* **Task requirements**
Below is a listing. Write out exactly its lines between the one holding "OÖ. Zu dem Horror-Unfall" and the one holding "Синий океан Красивые", inclusive.

━━━━━ The data

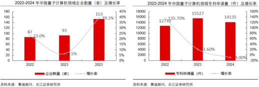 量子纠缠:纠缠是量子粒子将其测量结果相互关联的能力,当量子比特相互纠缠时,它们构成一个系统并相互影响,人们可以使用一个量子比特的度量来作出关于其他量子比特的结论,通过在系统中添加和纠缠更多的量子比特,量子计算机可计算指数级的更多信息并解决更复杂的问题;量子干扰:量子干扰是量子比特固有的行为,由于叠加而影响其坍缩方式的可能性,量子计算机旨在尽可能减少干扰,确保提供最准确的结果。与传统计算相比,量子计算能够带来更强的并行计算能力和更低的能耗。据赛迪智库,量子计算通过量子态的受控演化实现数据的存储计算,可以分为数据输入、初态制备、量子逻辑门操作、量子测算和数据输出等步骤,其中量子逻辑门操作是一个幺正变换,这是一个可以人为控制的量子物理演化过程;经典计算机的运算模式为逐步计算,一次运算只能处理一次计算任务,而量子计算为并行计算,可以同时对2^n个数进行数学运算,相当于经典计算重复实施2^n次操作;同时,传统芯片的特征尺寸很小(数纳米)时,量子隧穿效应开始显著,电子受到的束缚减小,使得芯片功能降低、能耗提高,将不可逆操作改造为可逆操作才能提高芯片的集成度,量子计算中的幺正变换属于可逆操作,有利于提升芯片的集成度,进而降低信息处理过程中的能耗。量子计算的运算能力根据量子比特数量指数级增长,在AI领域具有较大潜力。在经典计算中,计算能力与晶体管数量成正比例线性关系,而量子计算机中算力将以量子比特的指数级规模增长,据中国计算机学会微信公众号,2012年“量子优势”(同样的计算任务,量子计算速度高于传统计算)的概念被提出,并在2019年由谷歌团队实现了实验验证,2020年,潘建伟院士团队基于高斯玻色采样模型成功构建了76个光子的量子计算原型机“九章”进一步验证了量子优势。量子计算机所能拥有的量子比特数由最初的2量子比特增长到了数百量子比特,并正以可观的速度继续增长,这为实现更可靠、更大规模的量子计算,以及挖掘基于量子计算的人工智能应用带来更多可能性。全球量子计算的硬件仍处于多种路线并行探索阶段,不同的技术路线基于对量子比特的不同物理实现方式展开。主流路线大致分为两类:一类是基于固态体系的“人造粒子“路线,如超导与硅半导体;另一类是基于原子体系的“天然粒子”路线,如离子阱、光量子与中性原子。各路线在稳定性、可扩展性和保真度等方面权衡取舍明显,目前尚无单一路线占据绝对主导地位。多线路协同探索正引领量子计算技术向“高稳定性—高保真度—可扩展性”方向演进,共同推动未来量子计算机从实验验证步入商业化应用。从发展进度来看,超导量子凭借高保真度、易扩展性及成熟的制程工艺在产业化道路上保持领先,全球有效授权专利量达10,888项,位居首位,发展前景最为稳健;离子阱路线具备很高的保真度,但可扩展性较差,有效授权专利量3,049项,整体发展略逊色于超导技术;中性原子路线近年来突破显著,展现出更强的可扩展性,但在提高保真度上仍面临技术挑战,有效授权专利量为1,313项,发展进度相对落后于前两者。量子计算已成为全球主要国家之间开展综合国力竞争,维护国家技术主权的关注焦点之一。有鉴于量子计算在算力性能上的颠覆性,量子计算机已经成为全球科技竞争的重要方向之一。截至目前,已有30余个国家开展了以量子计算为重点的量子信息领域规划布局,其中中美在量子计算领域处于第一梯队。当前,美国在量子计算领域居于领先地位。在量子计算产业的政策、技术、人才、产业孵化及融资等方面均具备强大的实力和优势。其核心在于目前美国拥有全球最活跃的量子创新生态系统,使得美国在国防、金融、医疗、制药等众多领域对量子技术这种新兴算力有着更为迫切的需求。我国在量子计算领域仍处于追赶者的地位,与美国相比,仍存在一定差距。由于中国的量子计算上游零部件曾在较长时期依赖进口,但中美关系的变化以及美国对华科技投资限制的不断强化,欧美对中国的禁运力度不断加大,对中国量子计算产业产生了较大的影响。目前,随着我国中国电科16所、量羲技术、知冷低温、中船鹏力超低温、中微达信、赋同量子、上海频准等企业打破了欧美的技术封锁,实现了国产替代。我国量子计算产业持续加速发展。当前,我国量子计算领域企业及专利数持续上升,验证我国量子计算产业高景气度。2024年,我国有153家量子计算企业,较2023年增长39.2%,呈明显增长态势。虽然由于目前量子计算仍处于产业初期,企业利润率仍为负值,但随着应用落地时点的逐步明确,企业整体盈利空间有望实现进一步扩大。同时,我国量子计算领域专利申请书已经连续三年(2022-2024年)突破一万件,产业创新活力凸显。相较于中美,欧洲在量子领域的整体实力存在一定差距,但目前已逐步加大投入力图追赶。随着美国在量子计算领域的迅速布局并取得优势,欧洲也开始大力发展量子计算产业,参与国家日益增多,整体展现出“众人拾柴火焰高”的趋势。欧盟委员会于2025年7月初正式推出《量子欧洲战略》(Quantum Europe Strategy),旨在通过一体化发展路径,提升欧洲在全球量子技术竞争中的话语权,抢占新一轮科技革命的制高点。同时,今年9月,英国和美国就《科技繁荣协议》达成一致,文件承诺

━━━━━━━━━━
━━━━━ The data

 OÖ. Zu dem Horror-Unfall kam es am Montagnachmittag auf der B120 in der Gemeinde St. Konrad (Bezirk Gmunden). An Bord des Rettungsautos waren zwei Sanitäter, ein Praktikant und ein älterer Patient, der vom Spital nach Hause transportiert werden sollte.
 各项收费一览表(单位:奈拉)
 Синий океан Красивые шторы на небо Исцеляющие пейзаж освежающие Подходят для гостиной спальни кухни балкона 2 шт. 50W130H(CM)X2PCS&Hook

━━━━━━━━━━

* **Response**
 OÖ. Zu dem Horror-Unfall kam es am Montagnachmittag auf der B120 in der Gemeinde St. Konrad (Bezirk Gmunden). An Bord des Rettungsautos waren zwei Sanitäter, ein Praktikant und ein älterer Patient, der vom Spital nach Hause transportiert werden sollte.
 各项收费一览表(单位:奈拉)
 Синий океан Красивые шторы на небо Исцеляющие пейзаж освежающие Подходят для гостиной спальни кухни балкона 2 шт. 50W130H(CM)X2PCS&Hook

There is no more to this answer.